Teaching Notes Components
- The author asserts that, "the same forces that helped to produce the horror that befell the nation [on 9/11] continue to gather strength" (p. 1). To what forces is the author referring?
- In the time since the book was published in August of 2004, what evidence is there that these forces have continued to strengthen? What counter-evidence is there to suggest that America is becoming more secure?
- Does America's overwhelming conventional warfare capability invite an asymmetric response as proposed in the Chinese strategy book Unrestricted Warfare (p. 8)? Have the priorities and organization of the U.S. national security establishment changed sufficiently in the 21st century to best deal with the terrorist threat?
- In Chapter 3, the author offers a litany of policy failures and vulnerabilities. What progress might a supporter of the Bush administration point to since the book's publication to suggest that these are being addressed? Is the United States better prepared now for a terrorist attack than it was two years ago?
- "Terrorists are in the driver's seat when selecting the time, place and method of their attack" (p. 78). Explain why this suggests that security measures must be designed to operate more like a "healthy human immune system" than a reaction triggered by a specific threat.

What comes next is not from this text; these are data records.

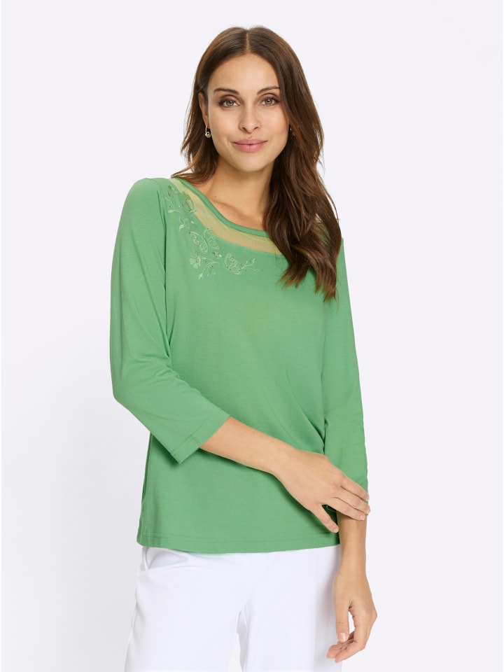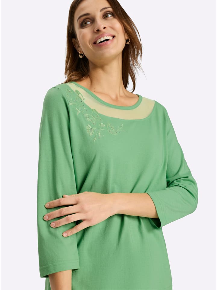Эта футболка с круглым вырезом, украшенная изящной вышивкой и сверкающими стразами, обязательно вызовет у вас порхание бабочек в животе. Она дополнена эффектной сетчатой вставкой на вырезе и рукавами три четверти. Сертифицировано OCS.
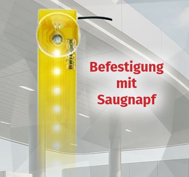Gelbe AR LED Lichtleiste mit leuchtenden LEDs und Saugnapf. Text: Befestigung mit Saugnapf.
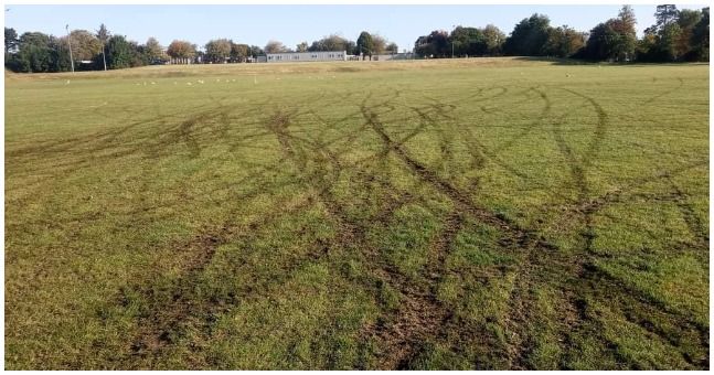 It also posted images of the damage, in which extensive tyre marks can be seen upon the pitches.
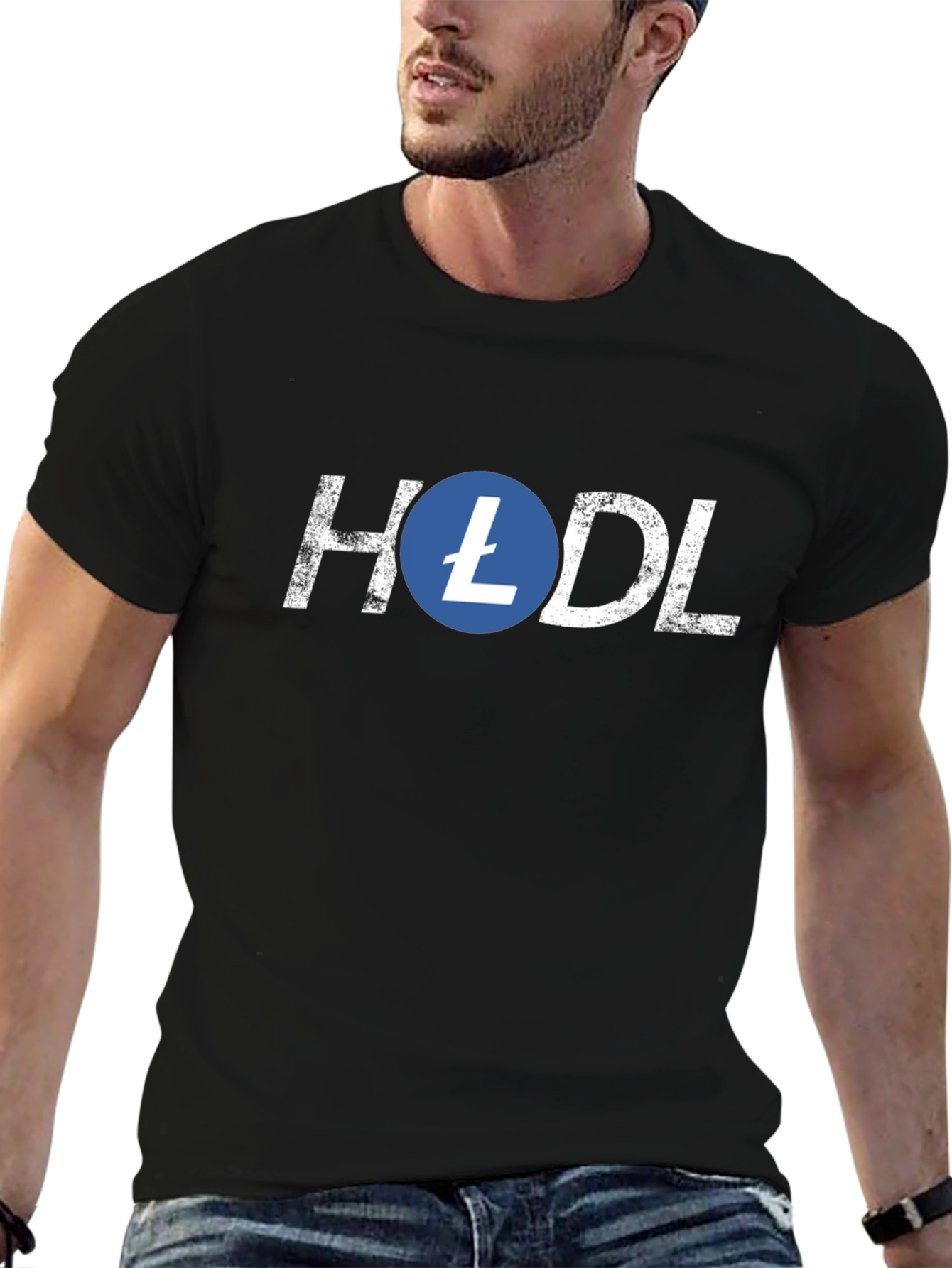 Show your support for Litecoin with this stylish black HODL t-shirt. The shirt features a bold, distressed-style 'HODL' design with the Litecoin logo prominently displayed. Made from what appears to be a comfortable cotton blend, this tee is perfect for crypto enthusiasts and everyday wear. Ideal for casual outings, meetups, or just lounging at home while watching the market. Get yours today and rep your favorite cryptocurrency!
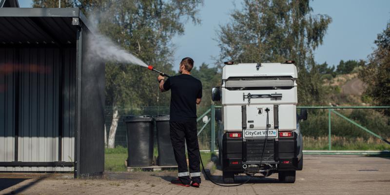 Bucher CityCat VR17e kan udstyres med en 100 bar vandpumpe med en håndlanse med pistolgreb og automatisk tilbagetrækning, hvilket giver føreren et udvidet udvalg af rengøringsmuligheder.
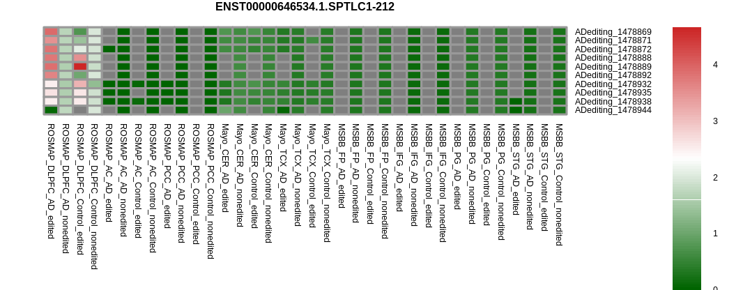 RNA editing positional annotations for SPTLC1 using Annovar |
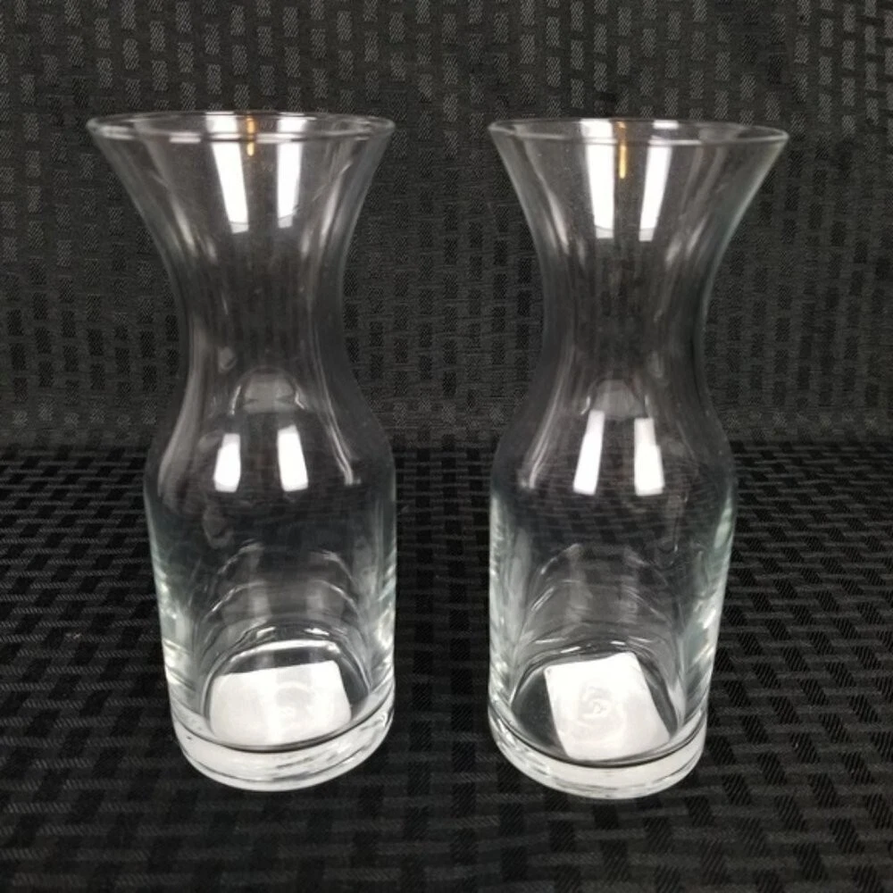 NEW Single Serving Mini Glass Wine Carafes Set of 2. Each decanter can hold up to 10 ounces of liquid. Let your wine breathe before you indulge. Wine not included. Size: 6.5" tall Holds up to 10 oz. Set of 2 wine carafes
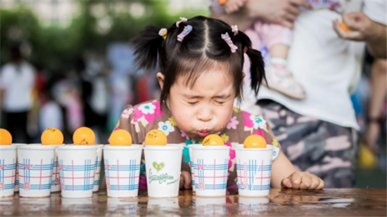 下一关为“水上乒乓球”。吹掉水杯上的乒乓球,按照吹落的球数计数。小朋友们微嘟着嘴吹着乒乓球,乒乓球也一个接一个的落下。小朋友们在参与过程中体验到运动的趣味性,家长们也用心指导,提醒他们在比赛过程中要细心、耐心和专心。
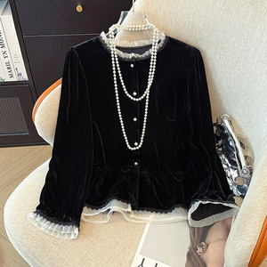 假两件上衣女时尚洋气妈妈衬衫长袖秋冬新款打底衬衣黑色丝绒小衫
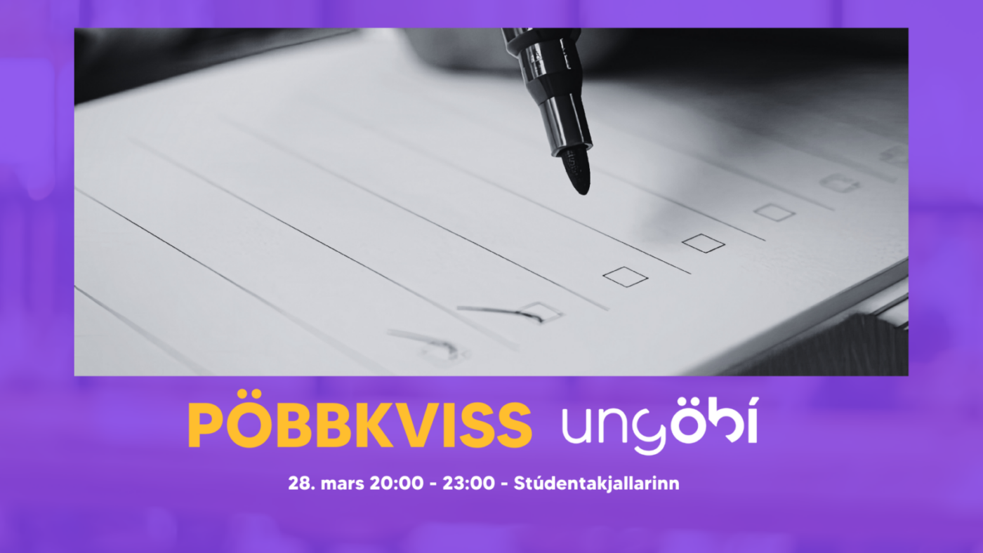 UngÖBÍ bíður ungu fólki á aldrinum 20-35 ára í pöbbkviss í Stúdentakjallaranum laugardaginn 28. mars kl. 20:00 Snillingarnir í Pubquizplebbunum ætla að stjórna fjörinu og verðlaun verða veitt fyrir fyrsta...
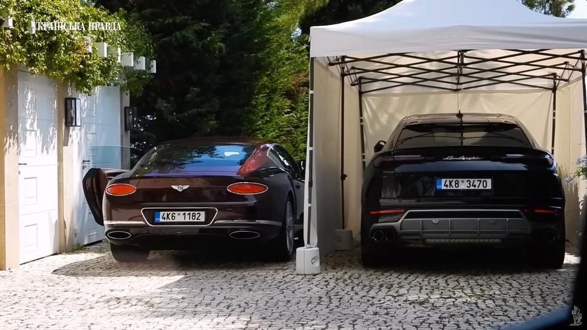 His wife on her Porsche Taycan and Rollce Royce with ukrainian registration.

- In Chapter 5, the author proposes a new concept for securing ports and shipping containers. If such a system had been in place before March of 2006, would the Dubai Ports World purchase of five container terminals in the United States have been so controversial? What does this chapter suggest about the relative importance of who operates terminals vis-à-vis other security considerations?
- Evaluate the author's proposal for establishing a "Federal Security Reserve System" (p. 245-255). Why does the author see a need for such a system?
- To what extent do the contrasting views between Democrats and Republicans about the role of the federal government on social and domestic issues and on national security explain the lack of bipartisan consensus on homeland security?
- The author suggests that "homeland security measures will have derivative benefits for other public and private goods" (p. 168). Why does he make this argument? What are the benefits he lists? What others can you think of?
- In the War on Terrorism, is the best strategy to rely primarily on offense?
- Does the absence of a terrorist attack on American soil since 9/11 suggest that current efforts are sufficient?
- Should Americans be willing to make a tradeoff between security and liberty?
- Was creating the U.S. Department of Homeland Security the right decision?
- Should homeland security be separated from national security?
Mock Homeland Security Council Meeting
At the end of the hypothetical scenario laid out in Chapter 2, "The Next Attack", the Secretary of Homeland Security offers the President two options: 1) reopen the borders and ports so as to get the economy moving again or; 2) initiate full inspection of all people, vehicles, and cargo entering the country. Assign the various roles on the Homeland Security Council and have students debate the two options. Have them outline the risks associated with each option, require them to choose the option they would recommend the President to take, and provide an outline of a Presidential Address defending their choice.